John Frederick stated his concern that God would take away "his precious Word" along with Luther. Luther, however, mentioned the many theologians who had taken it to heart and understood it very well. The anxious elector took this as an opportunity to admonish all those present to preserve the pure Word.

Luther also feared that after his death the gospel would be threatened by controversies. Interestingly, in this context he asked whether all the theologians had unanimously signed the articles, which, as mentioned above, was not the case. Melanchthon was able to tell him only that all of them, even Blaurer, had signed the Augsburg Confession and the Wittenberg Concords.

Before leaving, the elector assured Luther that he did not need to be concerned about his wife and children: "For your wife shall be my wife, and your children shall be my children." Nevertheless, Luther was afraid that the city governor, Hans Metzsch, who was at odds with him, would take revenge upon his family. Amsdorf should look after Katy. The patient's pains were so severe that he feared he was losing his mind. He felt miserable and had to vomit. Like Stephen, he felt he was being "stoned." But he held fast: "God still remains wise and Christ, my Lord, my wisdom and God." They should stop praying for him in the churches. God had now been "prayed, importuned, and cried to" enough. God would do the right thing.

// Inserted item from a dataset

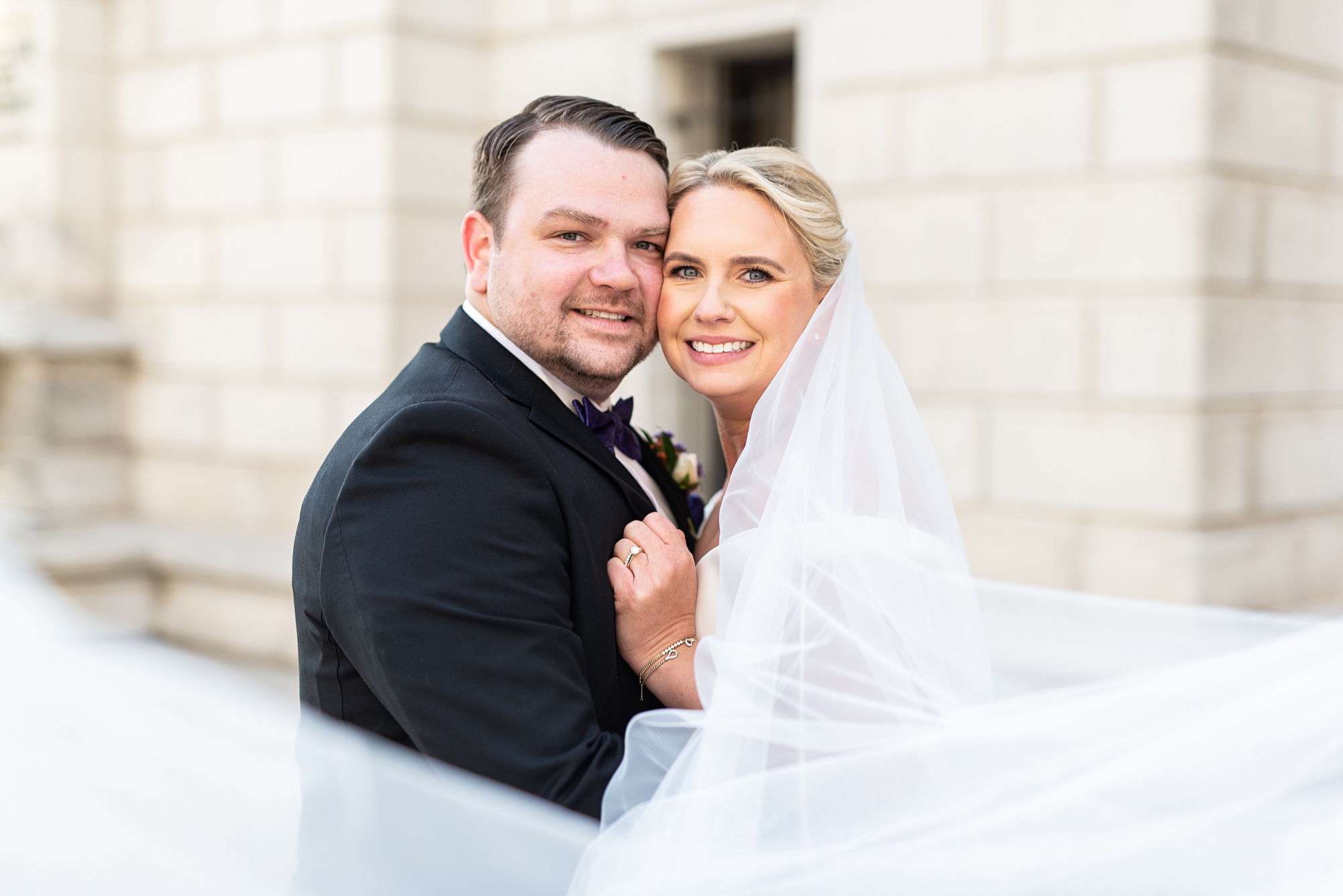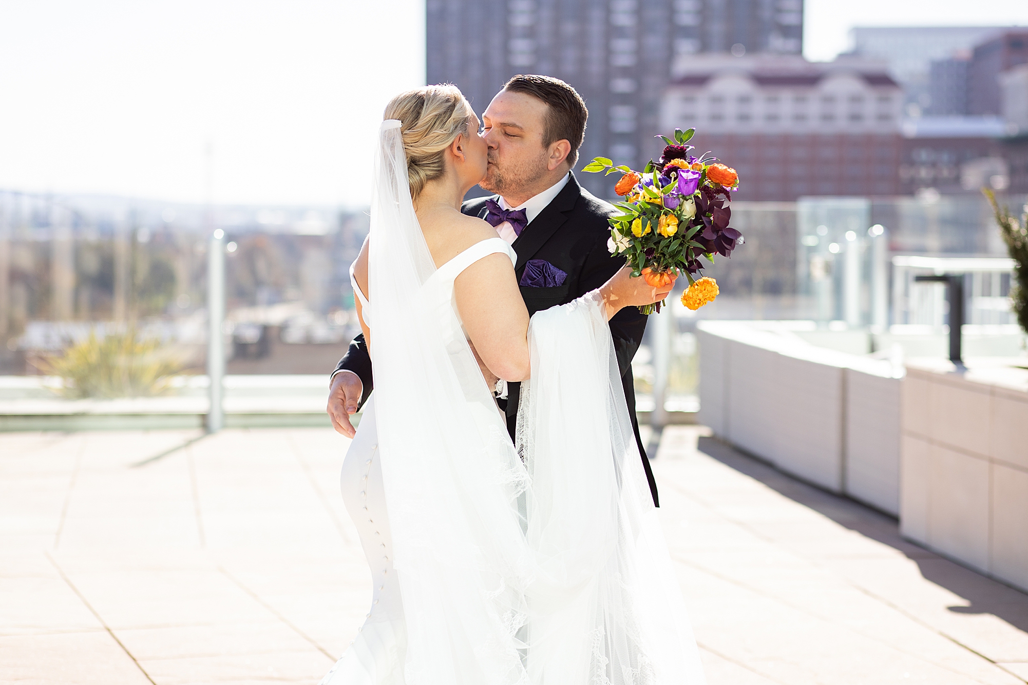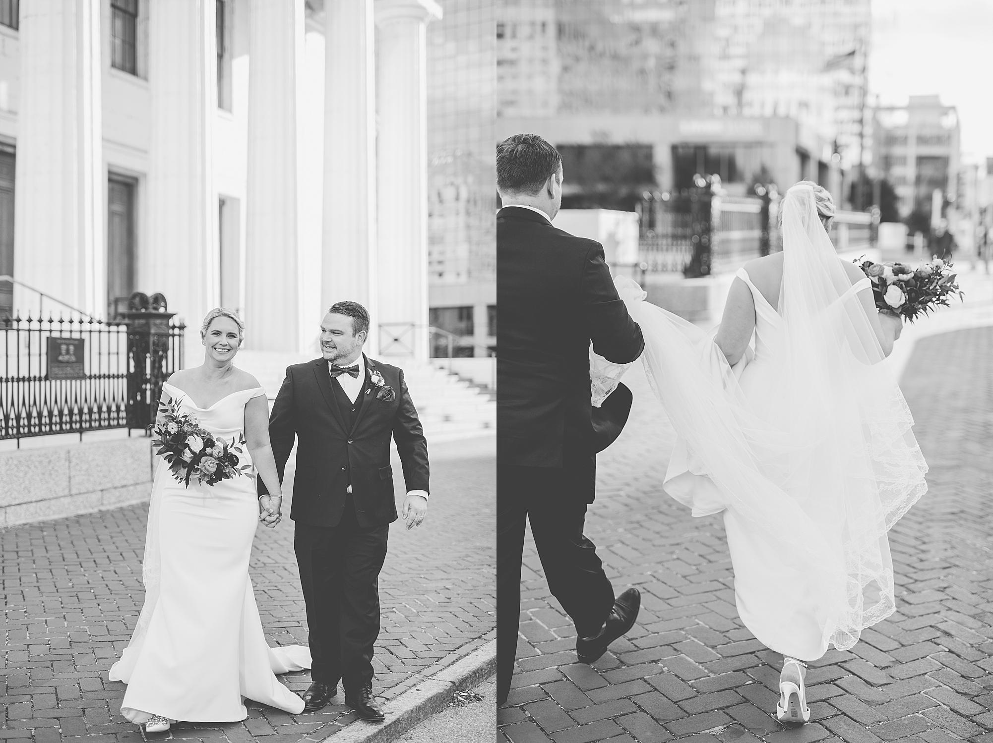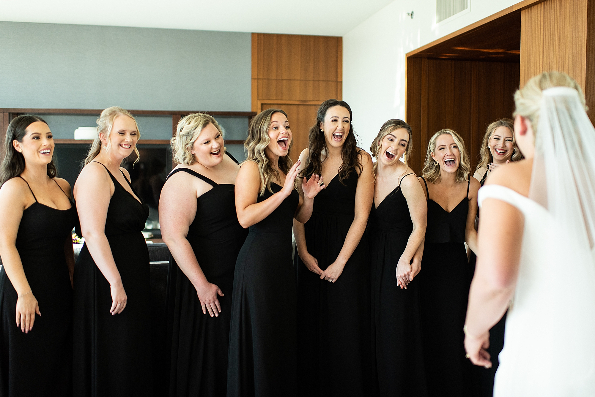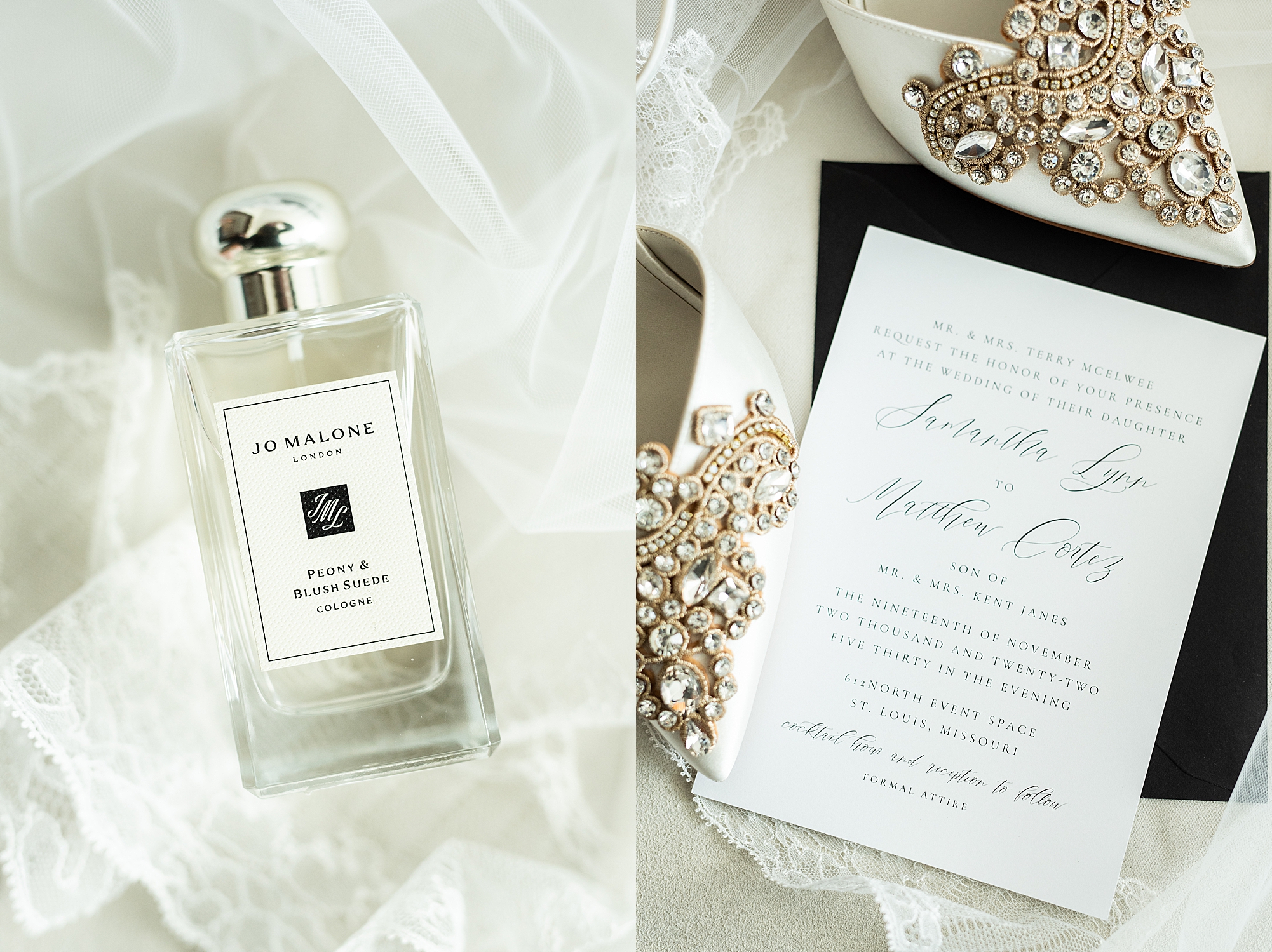 Sami and Matt have a huge love for the city of St. Louis so it was the perfect setting for their wedding day. They both got ready at the gorgeous Four Seasons Hotel, then shared a first look on the rooftop with the perfect view of the arch. They read adorable letters to each other reminiscing on their years together so far and anticipating their future together. Then we loaded up their bridal bridal party and traveled around the city for a bit hitting a few of their favorite spots like the old courthouse, Busch Stadium and the Arch Park. Their bridal party was so much fun and full of celebration!

If Luther surrendered to the devilish pain, Christ would take revenge upon him. In this trust he commended his soul to God.

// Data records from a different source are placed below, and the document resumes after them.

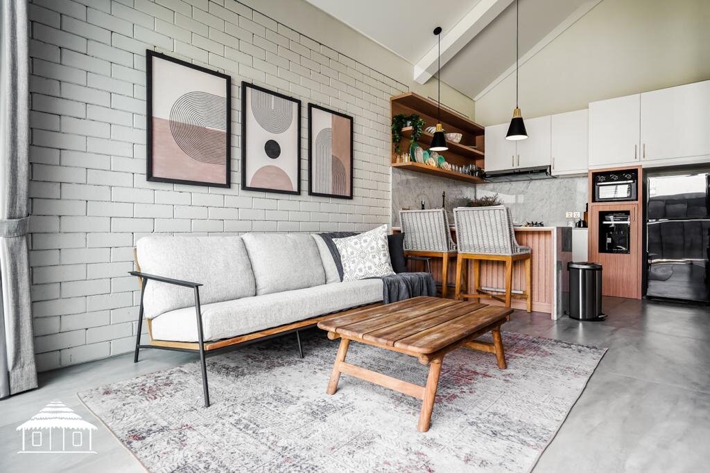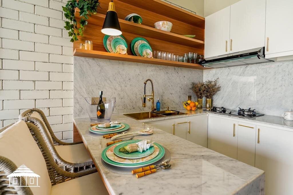 Cette villa attentive à l’ambiance comprend également une adorable cuisine, une salle à manger attenante et un espace de vie à proximité dans la même pièce. Le mobilier pratique favorise une vie confortable et fonctionnelle.
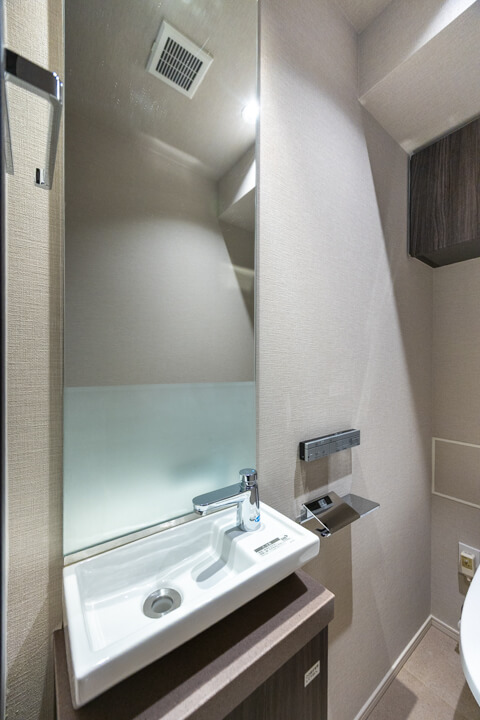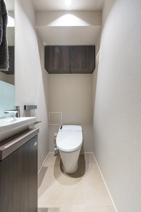 ウォシュレット一体型のトイレです。タンクレスタイプなのですっきりとした印象に。また、別途で手洗い器や鏡が造られているので、その場でサッと身だしなみを整えることができます。上部には吊戸棚が設置されていて、収納スペースもありますよ。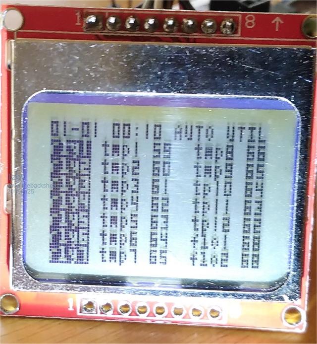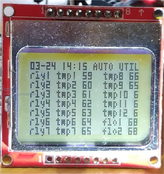 Here is a Nokia 5110 lcd with the tiny font (font 3 in the L4 distro for the N5110): ![]() The screen shot in the original post of this thread has the letters inverted. How do you do this with the TEXT command with a monochrome font? [code] ' option LCDPanel N5110,L,11,10,9,&HC0 ' L432 option default integer dim string A nRows=8 ' 12 for ILI9341 j=mm.vres/nRows ' row height for 8|12 rows jj=mm.hres/12 ' horizontal divisions fnt=3 cls font fnt A=mid$(date$,4,2)+"-"+mid$(date$,1,2)+" "+mid$(time$,1,5) text 0,0,A+" AUTO UTIL" for i=1 to 7 : text 0,i*j,"rly"+str$(i) : next i for i=1 to 7 : text 5*mm.fontwidth,i*j,"tmp"+str$(i)+" "+str$(58+i) : next i for i=1 to 2 : text 14*mm.fontwidth,i*j,"tmp"+str$(i+7)+" "+str$(67-i) : next i for i=3 to 5 : text 14*mm.fontwidth,i*j,"tp"+str$(i+7)+" "+str$(67-i) : next i for i=1 to 2 : text 14*mm.fontwidth,(i+5)*j,"flo"+str$(i)+" 68": next i [/code] PicoMite, Armmite F4, SensorKits, MMBasic Hardware, Games, etc. on fruitoftheshed |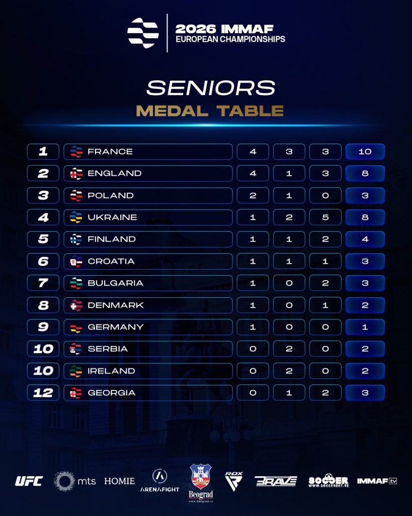 15 лютого спортсмени Національної збірної України зі змішаних єдиноборств ММА серед дорослих здобули 1 золоту, 2 срібні і 5 бронзових медалі та зайняли четверте місце в Європі в загальному командному заліку.

For the trip a copper basin was specially prepared so that towels could be heated and applied to the patient while traveling. When Luther entered the wagon, he made the sign of the cross and wished those standing around: "The Lord fill you with his benediction and with hatred of the pope." In his deathly illness Luther was aware of the significance of this final unreconciled word. The legate apparently assumed that Luther was already dead and had been taken away secretly. He therefore sent his servant to find out if this were so, but Schlaginhaufen prevented him from seeing Luther: "You will not see Luther in eternity." Bugenhagen, Spalatin, Myconius, Schlaginhaufen, and Dr. Sturtz accompanied the patient. Two men walked beside the wagon in order to moderate the discomfort of the trip on the poor road. Possibly, it was this jolting that saved Luther's life. The trip was excruciating, however.